How to complete this task
In the entries below, find the line with "Het recept voor" and the line with "数字化工厂的建设的核心要素可"; copy them and every line between them exactly, but not the pictures.

Dataset entries
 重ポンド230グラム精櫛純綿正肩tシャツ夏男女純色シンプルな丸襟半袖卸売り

---

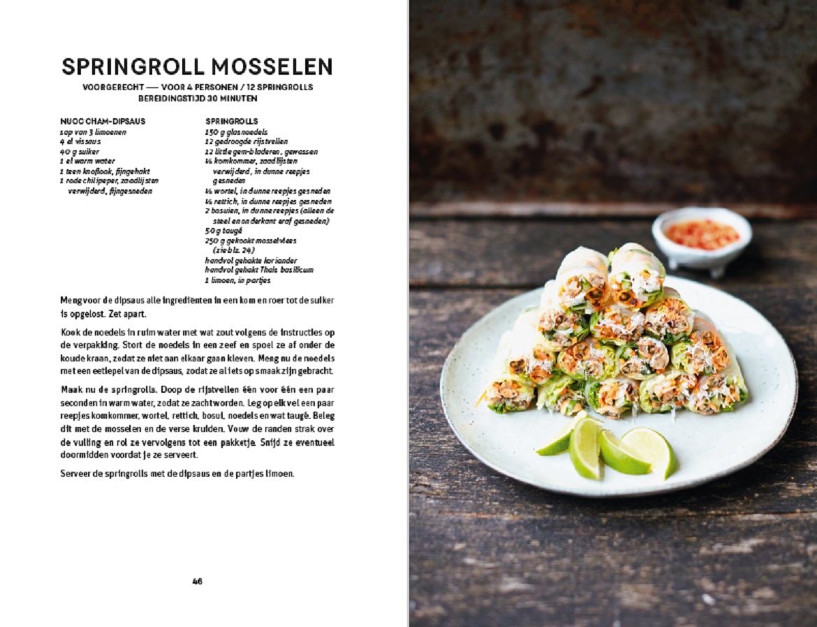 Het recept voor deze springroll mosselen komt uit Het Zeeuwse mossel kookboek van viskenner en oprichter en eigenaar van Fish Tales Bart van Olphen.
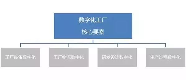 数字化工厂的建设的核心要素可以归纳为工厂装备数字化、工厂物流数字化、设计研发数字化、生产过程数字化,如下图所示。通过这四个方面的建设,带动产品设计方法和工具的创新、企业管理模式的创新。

Final answer
 Het recept voor deze springroll mosselen komt uit Het Zeeuwse mossel kookboek van viskenner en oprichter en eigenaar van Fish Tales Bart van Olphen.
 数字化工厂的建设的核心要素可以归纳为工厂装备数字化、工厂物流数字化、设计研发数字化、生产过程数字化,如下图所示。通过这四个方面的建设,带动产品设计方法和工具的创新、企业管理模式的创新。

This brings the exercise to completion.